The real strength came from a perfectly simple maxim: Be completely honest with yourself; only ever deceive others.

So many edges! So many ways that people made his progress easier. If everybody he’d ever met and competed with and struggled against had been just like him in these respects he’d have had a much harder rise to power. He might not even have prevailed at all, because without all these advantages it largely came down to luck, and he might not have had sufficient.

In the old days he had once wondered how many of the Cessorian high command, his old bosses, really believed in the Truth. He strongly suspected that the higher you went, the greater grew the proportion of those who didn’t really believe at all. They were in it for the power, the glory, the control and the glamour.

Now he rarely thought about any of that. Now he would just assume that anybody in such a position would be completely and cynically self-interested and be mildly surprised and even slightly disgusted to find that any of them really did have genuine faith. The disgust would come from the feeling that the person concerned was letting down the side, and the suspicion that they would feel they were somehow — perversely — superior to their less-deluded peers.

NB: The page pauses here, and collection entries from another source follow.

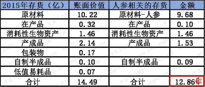 2013年-2015年人参及相关产品销售收入合计不超过1.4亿,三年采购总额减去销售总额还有14.26亿,远比2015年账上人参存货12.86亿还多。
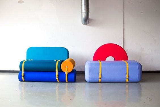 we can already make the sofa's from mattrasses, they are in the building. I can order some bands in pink and green to tie them togeter.
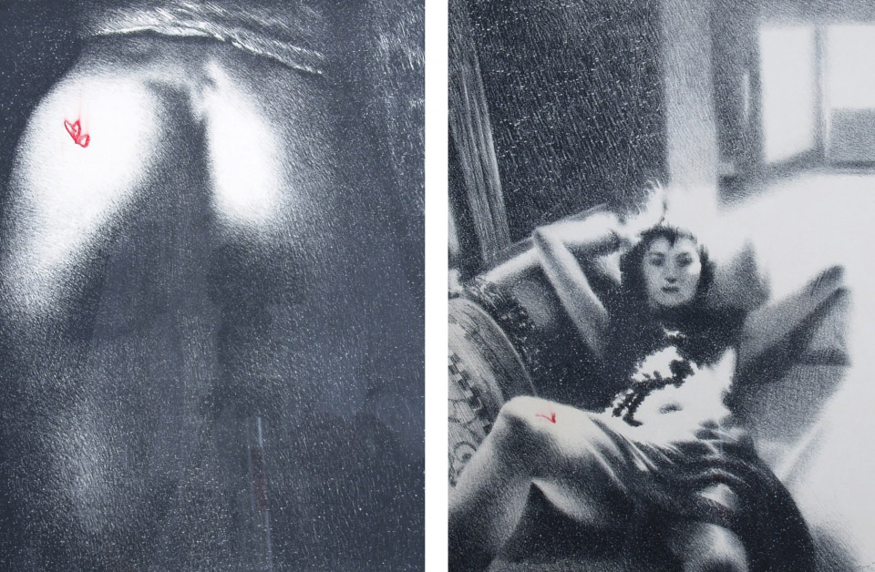 A-B) "La figlia era nuda" 2005, litografia originale ritoccata a mano dall'artista, cm 40x30. Firma in basso a destra. Timbro a secco della stamperia in basso a sinistra.
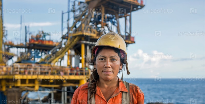 Женщина в защитном снаряжении и каске работает на строительной площадке нефтяного месторождения.Сгенерированное изображение

“And so you really believe in all that? You really do?”

“Sir, of course, sir! It is the rational faith. Simple logic dictates. It is inescapable. You know this better than I, sir. Sir, I think you tease me.” The girl looked away, smiling down, coquettish, shy, perhaps a little alarmed, just possibly even daring to feel slightly insulted.

He reached out and took her hair, swinging her face round to his, a gold-dark silhouette against the sparse sprinkle of distant stars. “Child, I am not sure that in all my life I have ever teased. Not once.”

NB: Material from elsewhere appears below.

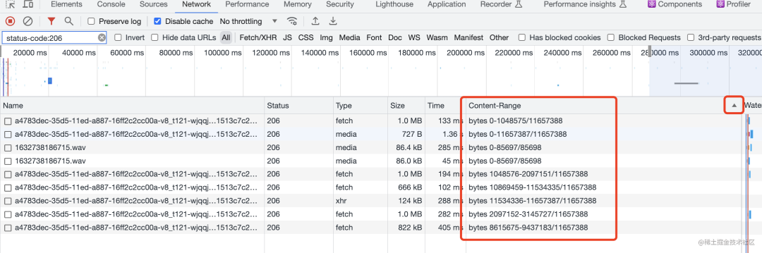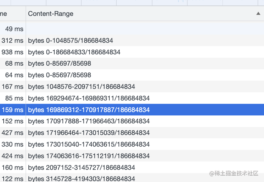 我们需要分析下 Content-Range,但是一个个点开看不直观。

The girl did not seem to know what to say. She looked around, perhaps at the pale stars through the screen-glass, perhaps at the snow-white tumble of low-gee puff-bedding, perhaps at the shell of screens forming the walls of their little nest, surfaces on which startlingly detailed and inventive acts of sexuality were being enacted. Perhaps she looked at her two companions, both now curled and asleep.

“Well, then, sir,” she said at last, “not teased. I would not say you teased me. Perhaps rather that you make fun of me because you are so much more educated and clever than me.”

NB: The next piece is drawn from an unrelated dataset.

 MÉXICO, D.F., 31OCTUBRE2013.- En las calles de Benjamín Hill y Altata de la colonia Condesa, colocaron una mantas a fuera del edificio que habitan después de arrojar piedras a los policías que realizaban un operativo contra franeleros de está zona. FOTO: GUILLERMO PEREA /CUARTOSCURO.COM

That, the Archimandrite thought, was perhaps more like it. But he still was not sure. Did this young thing still carry the Truth inside her, even after all the normal-span generations that had come and gone since he’d formally swept away all this nonsense?

In a way it didn’t matter in the slightest; as long as nobody ever began to use their religion to organise against him he could not care less what people really thought. Obey me, fear me. Hate me if you want. Don’t ever pretend to love me. That was all he asked of people. Faith was just another lever, like sentiment, like empathy, like love (or what people thought was love, what they claimed was love, the fanciful, maybe even dishonest bit that wasn’t lust, which was honest. And, of course, another lever).

But he wanted to know. A less civilised fellow in his situation would have considered having the girl tortured to find out the truth, but people being tortured over something like this soon ended up just telling you what they thought you wanted to hear — anything to get the pain to stop. He’d learned that quickly enough. There was a better way.

He reached for the pod’s remote control and adjusted the spin, creating the illusion of gravity once more. “Go on all fours in front of the window,” he told the girl. “It’s time again.”

“Sir, of course, sir.” The girl quickly assumed the position he wanted, crouched against the oncoming star field, seemingly fixed even though the pod was revolving. The brightest sun, screen dead-centre, was Ulubis.